4. The printing method as described in claim 2, characterized in that, Calculate the transient pressure distribution in the uncured area of the printed material, including: The Navier-Stokes equations for the printing material are constructed using the following formula: Wherein, ρ represents the density of the printing material; v represents the velocity field of the uncured liquid in the printing material; and t represents time. The gradient is represented by p; the transient pressure distribution is represented by μ; the viscosity of the printing material is represented by μ; and the external force field is represented by f. Solve the Navier-Stokes equations to obtain the transient pressure distribution p(x,y,t) of the uncured region; where (x,y) represents the coordinate position of the uncured region.
5. The printing method as described in claim 2, characterized in that, Constructing solid-liquid boundary conditions based on the solidification volume shrinkage rate includes: constructing the solid-liquid boundary conditions using the following formula: Among them, v boundary The solid-liquid boundary condition is represented by ε; the solidification volume shrinkage rate is represented by t. cure The curing time of the printed material is represented by ; n represents the normal vector of the solid-liquid boundary.

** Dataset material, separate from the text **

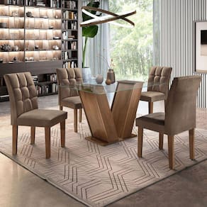 O(a) Mesa de Jantar 4 Lugares Classic/Vitória com Vidro Chocolate/Animale Marrom - Cel Móveis é produzido em MDF e MDP na escala de brilho Fosco, e possui um grau de dificuldade de montagem: Médio.
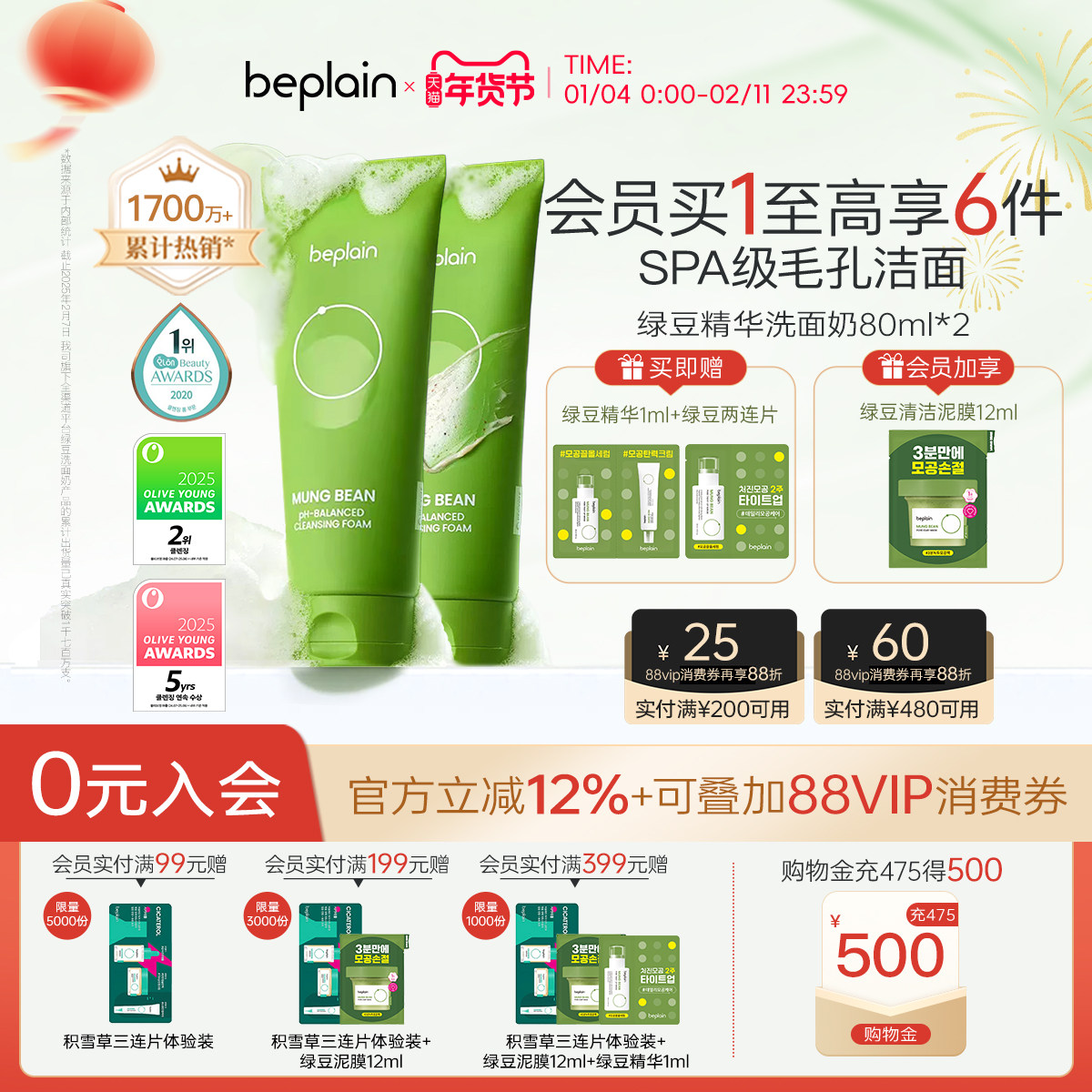 韩国beplain碧菲音绿豆洗面奶女氨基酸洁面乳oliveyoung官方正品

6. The printing method as described in claim 2, characterized in that, Calculating the pressure gradient based on the transient pressure distribution includes: calculating the pressure gradient using the following formula: in, The pressure gradient is represented by (x, y); the coordinates of the uncured area are represented by (x, y); p represents the transient pressure distribution; and i and j represent the spatial directions.
7. The printing method according to any one of claims 2-6, characterized in that, Based on the solid-liquid boundary conditions and the pressure gradient, the stress distribution of the microchannel is simulated, and the maximum principal stress is calculated, including: calculating the maximum principal stress using the following formula: Where, σ max The maximum principal stress is represented by σ0; σ0 represents the initial stress generated by the curing shrinkage of the printing material. This represents the pressure gradient; This represents the additional stress component caused by the pressure gradient.
8. The printing method as described in claim 1, characterized in that, The first edge extraction process and / or the second edge extraction process employ a width-first search algorithm; The preset exposure pattern is subjected to a first edge extraction process to obtain a first exposure pattern, including: Convert the preset exposure pattern into a binary image; The pixels in the binary image are traversed using a breadth-first search function; In response to the current pixel being an edge pixel, the current pixel is marked as an edge, and the process continues to traverse the adjacent pixels of the current pixel; In response to traversing all pixels in the binary image, the edges are connected and the first exposure pattern is output.
9. A printing system for a microfluidic device, characterized in that, include: Memory is used to store instructions executed by the processor; A processor for executing the instructions to implement the printing method of the microchannel device as described in any one of claims 1-8.
10. A computer-readable medium storing computer program code, characterized in that, The computer program code, when executed by a processor, implements the printing method of the microchannel device as described in any one of claims 1-8.